Prohibits a national banking association from investing in structured or synthetic products, defined as financial instruments in which a return is calculated based on the value of, or by reference to the performance of, a security, commodity, swap, other asset, or an entity, or any index or basket composed of such items.
Amends the Home Owners' Loan Act to repeal the authority of federal savings associations to invest in, redeem, or hold shares or certificates issued by any open-end management investment company registered with the Securities and Exchange Commission (SEC) if their portfolios are restricted by the management company's investment policy solely to investments that a federal savings association by law or regulation may deal in.
Amends the Bank Holding Company Act of 1956 with respect to prohibitions against bank holding company ownership or control of voting share interests in nonbanking organizations. Revises exemptions from such prohibitions in the case of nonbanking organizations thewhose activities are so closely related to banking as to be a proper incident to them.
Specifies activities of a nonbanking organization that shall not be considered closely related to banking, and so disqualify a bank holding company from owning or controlling voting share interests in such an organization. Includes among such nonbanking activities: (1) serving as an investment advisor to an investment company, (2) agency transactional services for customer investments, (3) investment transactions as principal, and (4) management consulting and counseling activities.
Exempts from application of the prohibitions against nonbanking activities, with respect to a bank holding company, the purchase, as an end user, of swaps to hedge against certain exposures, including changes in either interest rates or in the value of currency.
Prohibits a bank holding company from engaging in the business of a securities or a swaps entity, including: (1) dealing or making markets in securities, repurchase agreements, exchange traded and over-the-counter swaps, and structured or synthetic products; (2) engaging in proprietary trading; (3) owning, sponsoring, or investing in a hedge fund, or private equity fund, or any other fund which exhibits the characteristics of a fund that takes on proprietary trading activities or positions; (4) holding ineligible securities or derivatives; and (5) engaging in either market-making or prime brokerage activities.

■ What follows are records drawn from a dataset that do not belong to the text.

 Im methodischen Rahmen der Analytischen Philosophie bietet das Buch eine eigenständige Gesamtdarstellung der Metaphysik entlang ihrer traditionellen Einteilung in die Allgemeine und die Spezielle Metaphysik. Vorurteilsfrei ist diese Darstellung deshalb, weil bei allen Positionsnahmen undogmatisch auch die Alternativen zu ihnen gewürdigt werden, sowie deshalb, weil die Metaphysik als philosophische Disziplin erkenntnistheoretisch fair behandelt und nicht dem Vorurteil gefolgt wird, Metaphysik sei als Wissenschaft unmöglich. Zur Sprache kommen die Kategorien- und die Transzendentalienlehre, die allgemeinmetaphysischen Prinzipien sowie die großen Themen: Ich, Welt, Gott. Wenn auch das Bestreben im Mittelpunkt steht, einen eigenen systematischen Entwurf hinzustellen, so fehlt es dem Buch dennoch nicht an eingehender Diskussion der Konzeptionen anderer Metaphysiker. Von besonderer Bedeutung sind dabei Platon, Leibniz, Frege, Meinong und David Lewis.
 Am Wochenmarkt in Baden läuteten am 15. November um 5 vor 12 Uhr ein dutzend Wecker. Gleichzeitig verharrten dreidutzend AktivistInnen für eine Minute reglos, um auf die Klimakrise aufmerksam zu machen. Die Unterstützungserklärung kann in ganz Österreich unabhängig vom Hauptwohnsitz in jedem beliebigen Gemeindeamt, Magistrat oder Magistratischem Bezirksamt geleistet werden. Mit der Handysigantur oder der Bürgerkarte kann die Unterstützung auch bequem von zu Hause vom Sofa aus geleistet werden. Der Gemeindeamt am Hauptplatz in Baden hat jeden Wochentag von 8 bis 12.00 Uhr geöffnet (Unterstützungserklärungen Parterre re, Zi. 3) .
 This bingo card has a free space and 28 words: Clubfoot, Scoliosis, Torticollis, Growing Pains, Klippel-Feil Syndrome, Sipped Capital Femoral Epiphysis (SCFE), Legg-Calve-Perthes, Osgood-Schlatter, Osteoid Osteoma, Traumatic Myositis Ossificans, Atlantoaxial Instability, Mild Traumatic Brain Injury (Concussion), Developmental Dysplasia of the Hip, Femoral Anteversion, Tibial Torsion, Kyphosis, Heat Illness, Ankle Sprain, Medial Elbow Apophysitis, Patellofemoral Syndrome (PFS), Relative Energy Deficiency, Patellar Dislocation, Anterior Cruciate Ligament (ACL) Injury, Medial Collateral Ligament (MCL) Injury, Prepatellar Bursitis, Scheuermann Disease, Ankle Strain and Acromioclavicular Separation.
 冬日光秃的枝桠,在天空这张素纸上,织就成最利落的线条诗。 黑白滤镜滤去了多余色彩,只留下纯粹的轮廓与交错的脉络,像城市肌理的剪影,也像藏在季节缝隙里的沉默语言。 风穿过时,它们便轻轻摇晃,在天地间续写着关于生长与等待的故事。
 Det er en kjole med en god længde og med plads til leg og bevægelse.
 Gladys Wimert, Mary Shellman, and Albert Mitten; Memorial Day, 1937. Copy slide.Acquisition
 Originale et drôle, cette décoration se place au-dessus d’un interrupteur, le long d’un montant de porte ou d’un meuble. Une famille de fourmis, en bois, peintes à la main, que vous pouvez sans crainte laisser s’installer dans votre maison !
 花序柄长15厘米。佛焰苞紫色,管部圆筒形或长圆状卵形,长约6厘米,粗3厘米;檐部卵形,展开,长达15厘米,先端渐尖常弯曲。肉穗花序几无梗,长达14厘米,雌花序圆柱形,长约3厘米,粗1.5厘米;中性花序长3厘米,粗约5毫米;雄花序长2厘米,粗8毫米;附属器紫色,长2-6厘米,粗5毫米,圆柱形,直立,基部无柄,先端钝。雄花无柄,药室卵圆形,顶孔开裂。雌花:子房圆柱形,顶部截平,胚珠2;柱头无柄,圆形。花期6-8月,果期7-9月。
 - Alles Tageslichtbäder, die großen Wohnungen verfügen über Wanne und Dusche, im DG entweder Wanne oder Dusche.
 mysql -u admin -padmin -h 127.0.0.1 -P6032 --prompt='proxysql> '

Requires the appropriate federal regulatory agency to pursue certain actions to enforce this Act.
Amends the Bank Holding Company Act of 1956 to repeal provisions (of the Gramm-Leach-Bliley Act) that: (1) permit a financial holding company to engage in activities that are either financial in nature or constitute expanded financial activities, (2) prescribe corrective actions for financial holding companies that fail to meet certain requirements, (4) authorize certain financial holding companies to retain limited nonfinancial activities and affiliations, and (5) authorize certain financial holding companies to own or control shares of a company engaged in activities related to the trading, sale, or investment in commodities and underlying physical properties that were not previously permissible for bank holding companies.
Amends the Revised Statutes of the United States to repeal the authority of national banks to control or hold an interest in financial subsidiaries.

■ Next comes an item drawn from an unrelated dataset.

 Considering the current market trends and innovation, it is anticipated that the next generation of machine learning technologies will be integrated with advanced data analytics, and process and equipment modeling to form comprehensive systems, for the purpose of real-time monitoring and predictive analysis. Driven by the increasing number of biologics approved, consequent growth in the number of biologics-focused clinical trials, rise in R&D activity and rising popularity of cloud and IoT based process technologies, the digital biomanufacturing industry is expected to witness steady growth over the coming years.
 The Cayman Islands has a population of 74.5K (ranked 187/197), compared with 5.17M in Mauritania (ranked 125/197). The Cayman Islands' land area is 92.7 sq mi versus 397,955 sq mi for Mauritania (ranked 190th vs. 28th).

Amends the International Banking Act of 1978 to repeal the permission granted certain foreign banks to continue to engage in nonbanking activities in the United States.

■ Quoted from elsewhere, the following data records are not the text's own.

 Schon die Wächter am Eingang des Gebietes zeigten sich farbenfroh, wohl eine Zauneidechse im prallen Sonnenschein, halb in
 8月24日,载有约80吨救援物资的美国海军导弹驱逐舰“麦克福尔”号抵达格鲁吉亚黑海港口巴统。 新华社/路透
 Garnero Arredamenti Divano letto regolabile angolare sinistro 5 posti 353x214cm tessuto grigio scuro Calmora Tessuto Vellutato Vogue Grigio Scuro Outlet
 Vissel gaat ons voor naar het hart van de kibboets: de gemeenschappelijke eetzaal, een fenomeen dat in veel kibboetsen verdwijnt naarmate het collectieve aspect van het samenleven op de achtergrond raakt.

Revises bankruptcy law to repeal the prohibition against staying, avoiding, or limiting the exercise of a contractual right of financial entities to either liquidate, terminate, or accelerate the following financial instruments: a securities contract, a repurchase agreement, a swap agreement, a master netting agreement, and across contracts. Repeals requirements for the timing of damage measurement in connection with such financial instruments, including commodity contracts and forward contracts.